Union Chapel’s Closing Sunday will bring ‘A sense of inclusion’

If you ask Reverend Katharine Henderson when she decided to become a minister, according to her 2017 Ted talk, “Letting God Out of the Box,” she tells the story of herself as a 16-year-old, self-proclaimed “nihilist,” despite the fact that her father was a seminary professor and a minister, and her family, “serious, earnest, church-going folk.”

Rev. Katharine Henderson, guest preacher. (Courtesy photo)

“Nothing really mattered,” she said, of her teenage beliefs. Despite these beliefs, or perhaps because of what she now recalls as “promptings of the Holy Spirit,” she was visiting Germany as a high school student and had an “in-your-face” conversation with a Catholic monk in the doorway of a Benedictine monastery.

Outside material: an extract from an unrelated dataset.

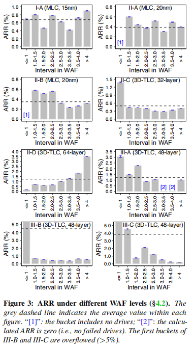 Figure 3 illustrates the correlation between WAF and failure rate for eight popular drive series, including different types of NAND and manufacturers. Firstly, for WAF values greater than 1, no strong positive correlation between WAF and ARR (Annual Replacement Rate) was observed in most drive families (with the II-D drive family being an exception). This suggests that NVMe SSDs are less affected by random small writes, which are the main cause of high write amplification. Secondly, for drives with low WAF (i.e., WAF ≤ 1), their failure rates remain relatively high. On average, the ARR rates for these low WAF drives could be 2.19 times higher than the average level.

When she asked him if she could receive Communion, even though she wasn’t Catholic. His answer was yes, she wouldn’t be turned away. “He chose my humanity over his rules of exclusion. He welcomed me in when he could’ve set up barriers,” she said. She never even knew his name but “he led me on the way to the minister I am today and I have never looked back.”

That sense of inclusion is what Union Chapel in the Grove has tried to do as well, with inter-denominational services all summer long — some indoors, some out. Our last service of the season, on Sept. 5 at 10:30 a.m. will be outdoors, if weather permits.

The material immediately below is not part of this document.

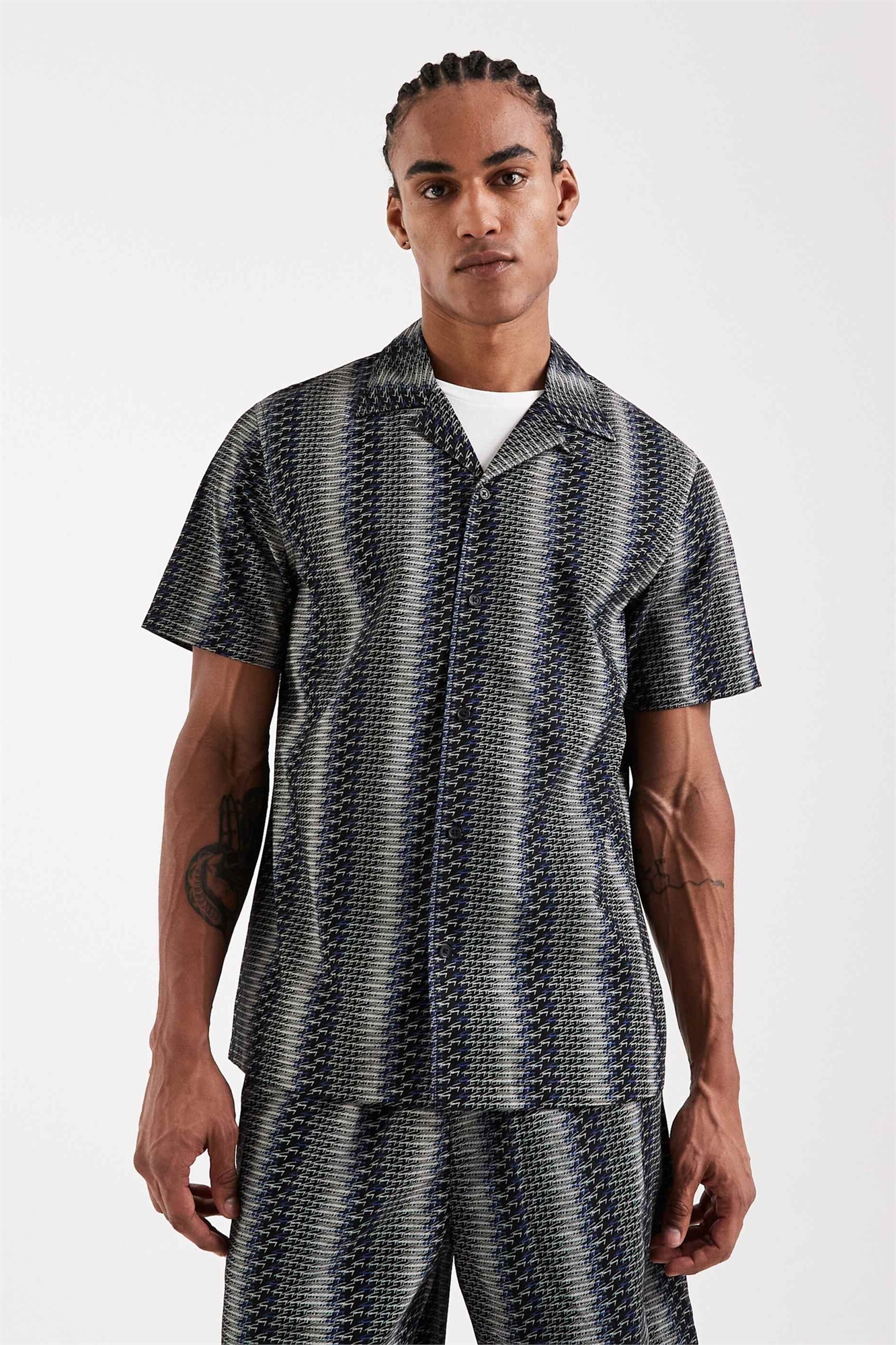 Рубашка с воротником-стойкой и короткими рукавами co-ord

Reverend Henderson’s sermon is titled, “What Lies Beneath.” Island Folk, a local favorite, will perform.

Reverend Henderson is president of Auburn Seminary, which was founded 200 years ago by Presbyterians, and is “a leadership development and research institute that equips and convenes leaders across the multi-faith movement for justice,” according to their website.

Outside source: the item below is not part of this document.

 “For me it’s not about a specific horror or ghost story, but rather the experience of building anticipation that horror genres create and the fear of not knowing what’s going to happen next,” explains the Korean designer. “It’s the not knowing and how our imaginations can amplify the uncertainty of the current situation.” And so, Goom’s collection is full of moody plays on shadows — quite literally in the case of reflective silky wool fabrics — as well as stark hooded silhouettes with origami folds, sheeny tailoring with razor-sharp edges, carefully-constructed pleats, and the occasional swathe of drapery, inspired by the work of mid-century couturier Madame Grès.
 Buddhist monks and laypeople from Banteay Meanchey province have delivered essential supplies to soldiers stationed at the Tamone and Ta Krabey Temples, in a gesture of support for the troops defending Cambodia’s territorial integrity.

She is the author of “God’s Troublemakers: How Women of Faith are Changing the World,” and is an internationally known speaker, featured in The Washington Post, The New York Times, USA Today, MSNBC, NPR, and more. She is currently writing her second book, “Fighting for the Heart of America: How the Prophets of our Time are Bringing Our Nation’s Future to Birth.”

Reverend Henderson was named co-recipient of the Guru Nanak Interfaith Prize for her “lifelong passion to create spaces for authentic interfaith engagement.” Past winners included His Holiness the 14th Dalai Lama of Tibet.

She serves on the Advisory Board of Duke University’s Islamic Studies Center and the Multi-faith Leadership Advisory Board for New York University.

An ordained Presbyterian minister, Reverend Henderson earned her Master of Divinity at Union Theological Seminary and her doctorate at Teachers College, Columbia University. She was raised in Louisville, Ky. during the civil rights movement and accompanied her parents on many civil rights marches.

She and her husband, Charles, also a Presbyterian minister, are good friends with many Chapel trustees and have preached eight times at the Chapel, according to Chairman Jay Sterling. They are avid sailors and often stay on their boat when visiting the Island.

Island Folk, our guest musicians, have kept the spirit of traditional music alive on Shelter Island for years, performing at the Union Chapel’s Labor Day service many times. The group consists of Penny Kerr on guitar and vocals; John Kerr on upright bass; Heather Reylek, guitar and vocals; and Wendy Clark, banjo and vocals.

Please join us outdoors for Closing Sunday on Sept. 5 with Reverend Katharine Henderson. Please bring a chair. In the case of inclement weather, the service will move indoors.